And he raised his parents to the highest place of honour;1 and they [all] fell down before Him, prostrating themselves in adoration.2 Thereupon [Joseph] said: "O my father! This is the real meaning of my dream of long ago, which my Sustainer has made come true.3 And He was indeed good to me when He freed me from the prison, and [when] He brought you [all unto me] from the desert after Satan had sown discord between me and my brothers. Verily, my Sustainer is unfathomable in [the way He brings about] whatever He wills:4 verily, He alone is all-knowing, truly wise!
  • Lit., "onto the throne (al-'arsh)", in the metaphorical sense of this word.

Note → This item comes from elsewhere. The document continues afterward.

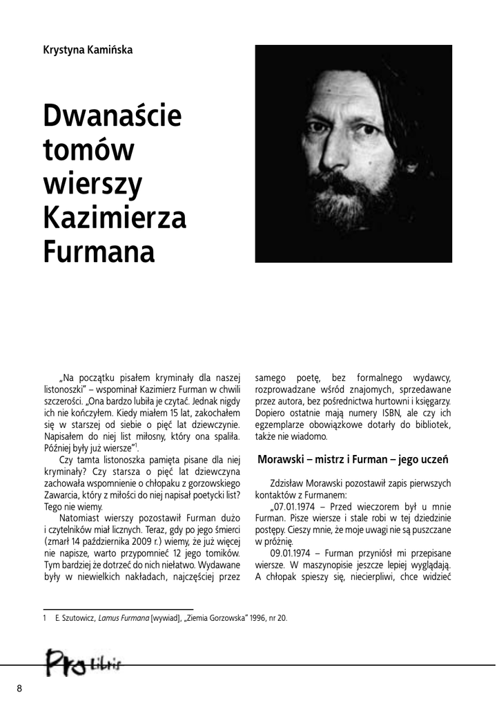 Krystyna Kamińska Dwanaście tomów wierszy Kazimierza Furmana „Na początku pisałem kryminały dla naszej listonoszki” – wspominał Kazimierz Furman w chwili szczerości. „Ona bardzo lubiła je czytać. Jednak nigdy ich nie kończyłem. Kiedy miałem 15 lat, zakochałem się w starszej od siebie o pięć lat dziewczynie. Napisałem do niej list miłosny, który ona spaliła. Później były już wiersze”1. Czy tamta listonoszka pamięta pisane dla niej kryminały? Czy starsza o pięć lat dziewczyna zachowała wspomnienie o chłopaku z gorzowskiego Zawarcia, który z miłości do niej napisał poetycki list? Tego nie wiemy. Natomiast wierszy pozostawił Furman dużo i czytelników miał licznych. Teraz, gdy po jego śmierci (zmarł 14 października 2009 r.) wiemy, że już więcej nie napisze, warto przypomnieć 12 jego tomików. Tym bardziej że dotrzeć do nich niełatwo. Wydawane były w niewielkich nakładach, najczęściej przez 1 8 samego poetę, bez formalnego wydawcy, rozprowadzane wśród znajomych, sprzedawane przez autora, bez pośrednictwa hurtowni i księgarzy. Dopiero ostatnie mają numery ISBN, ale czy ich egzemplarze obowiązkowe dotarły do bibliotek, także nie wiadomo. Morawski – mistrz i Furman – jego uczeń Zdzisław Morawski pozostawił zapis pierwszych kontaktów z Furmanem: „07.01.1974 – Przed wieczorem był u mnie Furman. Pisze wiersze i stale robi w tej dziedzinie postępy. Cieszy mnie, że moje uwagi nie są puszczane w próżnię. 09.01.1974 – Furman przyniósł mi przepisane wiersze. W maszynopisie jeszcze lepiej wyglądają. A chłopak spieszy się, niecierpliwi, chce widzieć E. Szutowicz, Lamus Furmana [wywiad], „Ziemia Gorzowska” 1996, nr 20. nazwisko w gazecie. Nie wie, ile razy będzie gasił swoją gorączkę o nieufny lub nieżyczliwy chłód otoczenia. Ale taka jest droga pisarza. Innej nie ma. 19.05.1974 – W »Nadodrzu« ukazał się debiut Furmana. Ładny liryk, jaki dałem Koniuszowi. Tylko zdaje mi się, że ten chłopak ostatnio trochę zgłupiał. Cóż, za mądrość zdolnych do wierszowania ludzi nie mogę brać odpowiedzialności”2. Wchodził więc Furman do poezji z błogosławieństwem gorzowskiego Księcia Poetów – Zdzisława Morawskiego. „To, co on mi dał, zostało. A były to naprawdę ważne rzeczy”3 – powiedział znacznie później. Podkreślił też w wierszu Rzecz o schodach dedykowanym Zdzisławowi Morawskiemu: Wschodziłem po tych schodach Przemierzałem je w poziom i w pion Deptałem ten beton Ażeby słowu miano słowa nadać By wyjąć je z młyna byle jakich znaczeń I tak je położyć aby się znaczyło4 Morawski nauczył go świadomości dobierania słów, dyscypliny literackiej wypowiedzi. Szybko jednak takie powinowactwo zaczęło Furmanowi ciążyć. Miał inną wrażliwość poetycką niż jego mistrz, musiał więc wyzwolić się spod tego wpływu. Natomiast Zdzisław Morawski swoje uznanie dla twórczości Kazimierza Furmana zachował do końca. W 1995 r. ukazał się jego szkic pt. Gorzów w czasach Furmana jako wstęp do tomu Furmana pt. Wiersze. Jest to jeden wielki pean dla talentu i postawy Kazimierza Furmana w mieście, które mu do pięt nie dorasta. „Uważam, że wiersze Furmana będą w pełni czytelne dopiero w roku 2002” – konkluduje Morawski5. Powrót do osłupienia Pierwszą książkę wydał Kazimierz Furman w 1976 r. Jej tytuł – Powrót do osłupienia. Wydawcą było Gorzowskie Towarzystwo Społeczno-Kulturalne, a wydrukowała Gorzowska Drukarnia Akcydensowa. Format A-6, stron 20, pomieszczono na nich tylko 12 wierszy. Na okładce rysunek Andrzeja Gordona. 2 3 4 5 W czasach cenzury i bardzo ograniczonego dostępu do papieru, taki debiut w nakładzie 300 egzemplarzy mógł uchodzić za sukces. Dziś zauważamy nieudolności typograficzne składu, a i wiersze tam zamieszczone zaskakują poddawaniem się autora ówcześnie obowiązującej konwencji. Żadnego z wierszy z tej książki Furman nie powtórzył. Kształcenie pamięci Drugą książkę Furmana pt. Kształcenie pamięci wydało Gorzowskie Towarzystwo Kultury w 1980 r. Stron też 20, ale wierszy już 15. Projekt okładki – Bolesław Kowalski. Wydaniu książki na pewno pomógł także Morawski, jako że był we władzach stowarzyszenia, jednak jako redaktor podpisał ją ceniony poeta warszawski Andrzej Tchórzowski. Związek to raczej inspirowany przez Morawskiego dla podniesienia prestiżu Furmana niż prawdziwy. Kilka tytułów wierszy z tego tomu zaskakuje deklaratywnością: Tacy jesteśmy, Do poetów list otwarty, Jesteś mi, Kraju, Do obywatela szarego. Ale obok: Kiedy wyzwolony z cienia, Bardzo prywatny monolog, Jest w nas coraz mniej czasu. Aktualna lektura tych wierszy rodzi pytanie: jak mogły stanąć obok siebie utwory tak odmienne zarówno tematycznie, jak i ze względu na zawartość literackiego obrazowania? Może to wynik jakichś ustępstw, np. politycznych, a może ciągle brak samoświadomości autora. Tomik Kształcenie pamięci był rekomendowany przez redaktora jako bliski Stachurze i Milczewskiemu-Bruno. Z takim odczytaniem zdecydowanie rozprawił się Andrzej K. Waśkiewicz stwierdzeniem: „Być może (podobieństwo) jest w postawie, w sposobie życia. W twórczości wszakże – nie”. I dalej ostro o niespójności światopoglądowej Furmana: „Autor jak gdyby nie może się zdecydować, kim właściwie jest: jednym z »obywateli szarych«, posiadającym ten sam co oni status, tyle że dysponującym wrażliwością, która pozwala głębiej i intensywniej doświadczać rzeczywistość, czy też tej rzeczywistości diagnostą (co wymaga przyjęcia innej perspektywy poznawczej), czy wreszcie poszukiwaczem »światów ukrytych«, pragnącym »choć raz zdarzyć się w wierszu«. [...] Z niepublikowanych pamiętników Zdzisława Morawskiego. Tekst udostępniła Maria Morawska. E. Szutowicz, j.w. K. Furman, Rzecz o schodach, [w:] tegoż, Wiersze, s. 37. Z. Morawski, Gorz

  • According to 'Abd Allah ibn 'Abbas (as quoted by Razi), the personal pronoun in "before Him" relates to God, since it is inconceivable that Joseph would have allowed his parents to prostrate themselves before himself.
  • The fulfilment of Joseph's childhood dream consisted in the high dignity with which he was now invested and in the fact that his parents and his brothers had come from Canaan to Egypt for his sake: for "no reasonable person can expect that the fulfilment of a dream should be an exact replica of the dream itself" (Razi, alluding to the symbolic prostration of the eleven stars, the sun and the moon mentioned in verse 4 of this surah).
  • As regards my rendering of latif as "unfathomable", see surah 6, note 89. In the present instance, this term supplies a further accent, as it were, on the theme "judgment as to what is to happen rests with none but God" (verse 67).